No, we're certainly not "everything" - each of us is an individual - at least as far as we can tell from our limited perspective. The illusion (if it is, in fact, an illusion) is real for us. We are trapped in these individual bodies, with individual thoughts - all our hopes, dreams, and fears are passengers in a blood and flesh body - but only for a finite period of time. It is these thoughts and emotions that compell us to think in terms of "I" and "me". And, of course, we feel that these thoughts and emotions are continuous and we want them to last forever, along with the fragile vessel that carries them.
Perhaps there is an underlying unity, but we have no direct access to it. We can only think of it with symbols. When we contemplate our existence (or non-existence), we can only consider it in terms of what we see, hear, smell, taste, feel, and think. But all of those things are transient too. Everything is transient. What's on the inside, what's on the outside.

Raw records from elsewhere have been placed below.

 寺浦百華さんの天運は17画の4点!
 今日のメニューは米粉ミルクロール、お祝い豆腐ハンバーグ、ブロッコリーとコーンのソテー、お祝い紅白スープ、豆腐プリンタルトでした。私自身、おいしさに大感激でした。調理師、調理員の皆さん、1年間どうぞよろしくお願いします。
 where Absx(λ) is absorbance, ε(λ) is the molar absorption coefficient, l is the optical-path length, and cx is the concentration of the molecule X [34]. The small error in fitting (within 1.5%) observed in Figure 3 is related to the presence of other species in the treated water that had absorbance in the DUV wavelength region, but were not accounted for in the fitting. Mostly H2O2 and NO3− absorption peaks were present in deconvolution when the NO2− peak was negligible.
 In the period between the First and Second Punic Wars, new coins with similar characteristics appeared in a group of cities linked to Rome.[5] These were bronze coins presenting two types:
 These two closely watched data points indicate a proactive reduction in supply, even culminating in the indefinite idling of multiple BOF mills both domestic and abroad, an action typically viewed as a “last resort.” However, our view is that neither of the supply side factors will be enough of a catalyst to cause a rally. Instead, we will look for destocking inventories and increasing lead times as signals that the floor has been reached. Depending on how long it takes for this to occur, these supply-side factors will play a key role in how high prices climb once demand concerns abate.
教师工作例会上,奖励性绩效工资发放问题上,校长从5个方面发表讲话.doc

Consider the statement about the copy of myself. No, it could never happen (unless you're a Born Again Christian - in which case, at least scientifically, it's about the only way resurrection of the dead could happen!). Let's just say it could happen. An exact, perfect duplicate of me, my memories, down to the exact state of my brain could be replicated after my destruction. After giving it some thought, I can convince myself that it's at least possible that it really is the same me - yes, I am still alive! I can remember the same things and have the same skills and desires and faults as before. Ok. This "copy" really is me.

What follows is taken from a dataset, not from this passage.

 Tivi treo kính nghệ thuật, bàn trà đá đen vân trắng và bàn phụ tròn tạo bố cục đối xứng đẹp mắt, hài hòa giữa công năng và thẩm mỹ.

Now what happens if the operator of this fantastic machine decides to take away a couple of memories? Or skills? Or better yet, let's say I have everything I had before, but I get a new skill - like a perfect singing voice, or better "people skills". Am I still the same person? At what point would I become some other person?
How would this be different from the "continuous" life I've been living? I started out as a small child, with few memories and little understanding - am I the same person I was then?? As a youth, I was impetuous and brash, loud and silly. Now I am more often introverted - quiet and introspective (though sometimes still a little silly). Am I the same person now as I was then?
If you break up the continuity this way, it looses its meaning. If you took the right parts from each of us and added them together, you could make any one individual you wanted. I doubt this is incubusfunk's idea of "we are everything". It seems more likely that as we contemplate the nature of self, we realize that the boundaries are not as well defined as our senses would have us believe. As we increase our understanding of these expanded boundaries, we begin to see more of the unity of which we are a part - our fellow man, the creatures we share the earth with, the very elements themselves.